New online lessons to re-examine black history

By Jonathan Holmes
BBC News

Image source, CARGO
Image caption,
Bristol poet Laurence Hoo, ancient Egyptian chancellor Imhotep and slave trader William de la Founte are some of those whose stories are told in the lessons

A new series of free online lessons have been released for Key Stage 3 students to help them explore stories from the transatlantic slave trade.

Education group CARGO explores people like the 19th Century Jamaican activist Paul Bogle and contemporary figures such as Bristol mayor Marvin Rees.

"It's a retelling of the narrative that doesn't frame Africans as victims," said project manager Alison Hargreaves.
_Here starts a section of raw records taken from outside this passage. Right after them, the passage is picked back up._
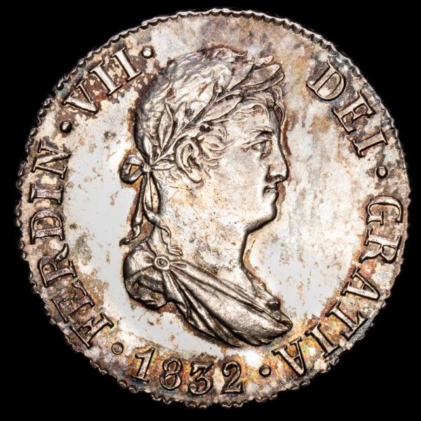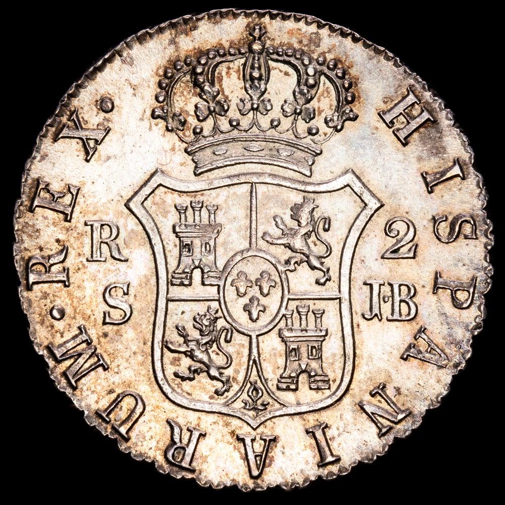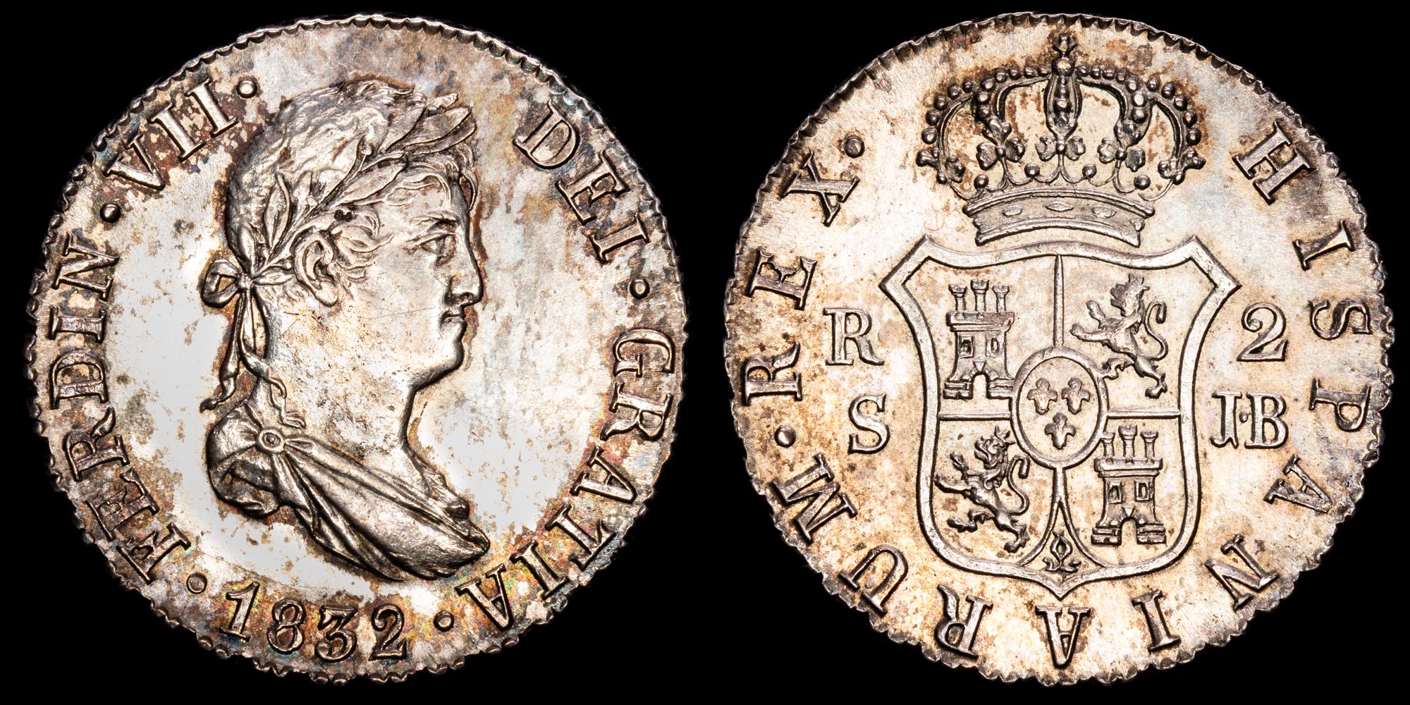 Numismática Barcala > Productos > Monarquia Española > Borbones > 1808-1833 Fernando VII > Fernando VII. 2 Reales ( 5,93 g.). 1832. Sevilla. Ensayador J.B. AC-1040. UNC-. Preciosa patina.
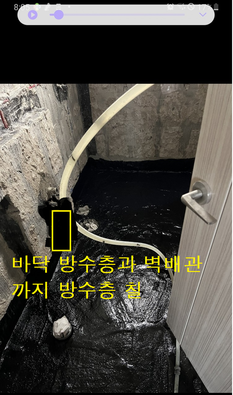 혹여나 저 배관부분에서 누수가 생길경우 벽에 방수층이 없으면 콘크리트쪽으로 스며드니까
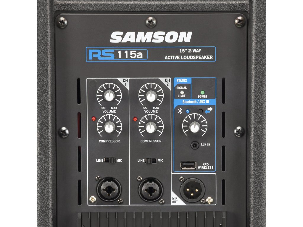 Przedwzmacniacz głośnika Samson RS-115A oferuje trzy kanały z oddzielnymi regulatorami głośności. Pierwsze dwa kanały są wyposażone w kombinowane złącze Jack/XLR, dzięki czemu można bez problemu podłączyć całą gamę sygnałów od mikrofonu po klawisze lub odtwarzacz CD. Wszechstronność wejść zwiększa przycisk przełączania czułości mic/line. Ciekawą funkcją jest obecność kompresora z oddzielnym regulatorem dla każdego kanału. Dzięki kombinowanemu złączu i przełącznikowi czułości można precyzyjnie ustawioną czułość wejścia jeszcze wspomóc funkcją kompresora i ograniczyć w ten sposób ewentualne niepożądane przesterowanie wejścia przy dynamicznych szczytach. Do wejścia można w ten sposób doprowadzić sygnał o wyższej intensywności i mieć większą przestrzeń podczas pracy ze wzmacniaczem końcowym. Trzeci kanał jest wyposażony w złącze Jack 3.5mm i regulator głośności, którym można sterować również siłą sygnału z podłączonego urządzenia Bluetooth.
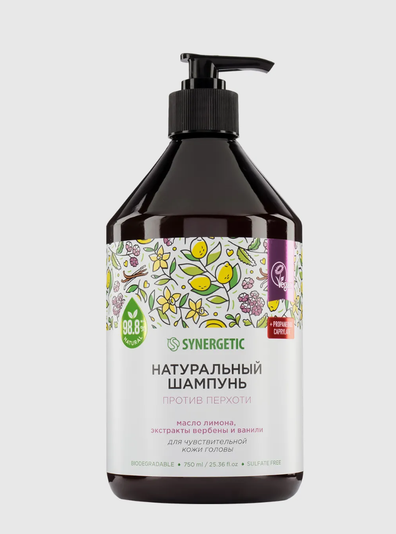 Бессульфатный шампунь Synergetic нормализует работу сальных желез, уменьшает распространение грибка рода Malassezia и успокаивает чувствительную кожу головы — благодаря пропандиол каприлату в составе. Масло лимона и экстракт вербены укрепляют структуру, способствуют росту локонов, облегчают расчесывание, возвращают гладкость и шелковистость. Экстракт ванили интенсивно питает и увлажняет, а бисаболол — придает мягкость. Подходит для всех типов волос, склонных к перхоти. Сертифицирован британской организацией The Vegan Society. Большой объем 750 мл — хватит надолго.
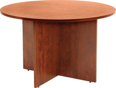 Description Regency Legacy round conference table measuring 29" x 42" Dia has thermally fused melamine lamination with a 3 mm matching PVC edge that prevents moisture absorption and comes in an elegant cherry finishing. Legacy's round table is the perfect accent to private offices, conference suites, common areas, waiting rooms and more! Round conference table Dimensions: 29"H x 42" diameter Constructed of a thermal fused melamine laminate - cherry finish Meets or exceeds ANSI/BIFMA standards Ready to assemble 10-year mfr. limited warranty Legacy's round table is the perfect accent to private offices, conference suites, common areas, waiting rooms and more! It has a solid wood X style interlocking base, spacious 42-inch top and seats 2 to 4 people. Adjustable glides on the bottom of the base keep the tabletop level and are easy to adjust. Durable and professional, the Legacy collection is the epitome of transitional furniture. An attractive Cherry laminate finish looks great in any office. The Legacy collection is constructed of a 1-inch thick thermal fused melamine laminate with a 3-millimeter commercial grade matching PVC edge. Laminates are scratch, stain and scald resistant. Legacy casegoods are backed by a 10-year limited manufacturer's warranty. Specifications Table Shape : Round Weight (lbs.) : 74 Warranty Information : 10 Year Capacity (lbs.) : 250 Furnishing Color : Cherry Furnishing Style : Modern Furnishing Material : Laminate True Color : Cherry Height in Inches : 29 Width in Inches : 42 Series or Collection : LEGACY Table Certifications : ANSI/BIFMA Depth in Inches : 42 Length in Inches : 42 Max Number of Seats : 4 Reception Table & Accessory Type : Console Tables Brand : Regency Customizable : No Weight : 75.00 lbs. per Each
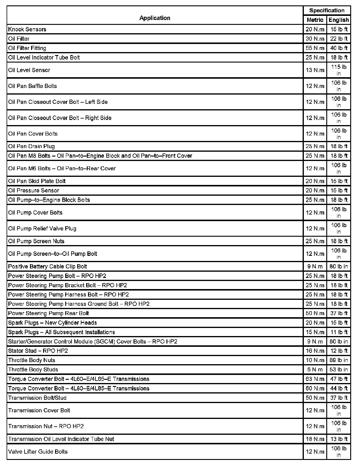 Fastener Tightening Specifications

The first four lessons released are on the theme of "revolutionaries".

CARGO (Charting African Resilience Generating Opportunities) is a mix of artists and filmmakers who want to re-address how black history is told.

One of its founders, Lawrence Hoo, said the idea came about from the "insufficient" history teaching his children received in school.

"It's incredible that his history still hasn't been given a fair representation," he said.

"We wanted to pick stories that are inspiring, but are pretty much omitted from history in school."

Mr Hoo said he had been pushing for the project to be recognised since 2016.

"When Black Lives Matter happened, the Colston statue came down and the pandemic hit, all of a sudden what we were doing became the topic.

"It has become a tsunami of enlightenment and information," he added.

Image source, Janie Watson
Image caption,
Janie Watson has used the lessons with her daughter Tikia

Mr Hoo said the lessons had already been well-received.

"A lot of people have told me that it was long-overdue, and how they've found it inspiring," he said.

Janie Watson, from Henbury, Bristol, has used the lessons while home-schooling her daughter Tikia.

"It's nice to see something positive, black history often focuses on the negatives like slavery," she said.

"Black history always teaches the same people - there's a lot more to it than Nelson Mandela and Martin Luther King.

"I have Jamaican heritage, but outside of Jamaica this history just isn't taught, and we never learned about history like this when I was at school.

"We're definitely going to do the rest of the lessons."